The archbishop did not mince words about why.
Ontology Meets Canon Law
Larregain laid out his reasoning in terms that cut through the noise of modern gender ideology and land squarely in the Church's sacramental tradition. The sacrament of marriage, he explained, requires both matter and form: the contracting parties and the marital exchange of consent. In this case, he said, neither condition was present.
"Here there is a contradiction, a dissonance between the ontological and the phenomenological. And so, for that reason, it is declared null ipso facto. What does that mean? It is null at that very moment, because it does not effect the sacrament; that is, there is no sacrament as such."

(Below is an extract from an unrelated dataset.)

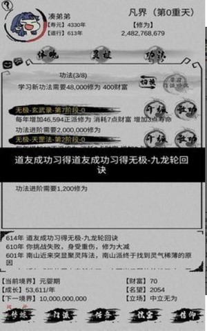 1、修仙模拟器我定成仙游戏利用纯文字的介绍将一个内容非常丰富的仙侠江湖展现的非常的到位。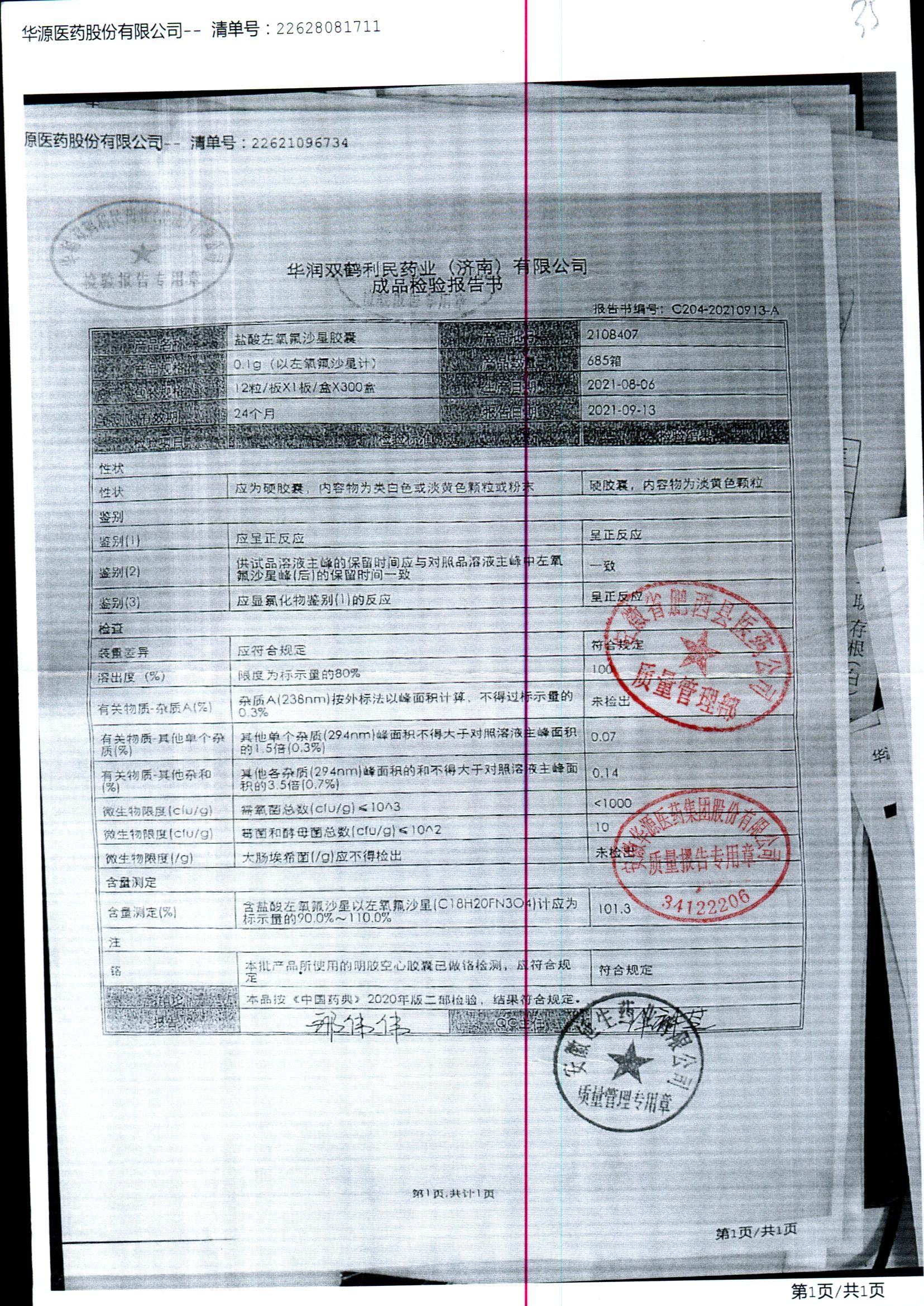 盐酸左氧氟沙星胶囊 | 0.1g | 1906406 | 查看详情 |

The ontological, he clarified, "relates to what is." The phenomenological relates to "what is seen or what is shown." When those two things contradict each other, the Church doesn't have a wedding. It has a ceremony that looks like one, as CNA reports.
This distinction matters. The archbishop wasn't reversing a valid marriage. He was declaring that no valid marriage ever existed. The annulment, he said, "simply formally declares what happens ipso facto, precisely because it does not have a sacramental character nor meet the conditions required by the Code of Canon Law."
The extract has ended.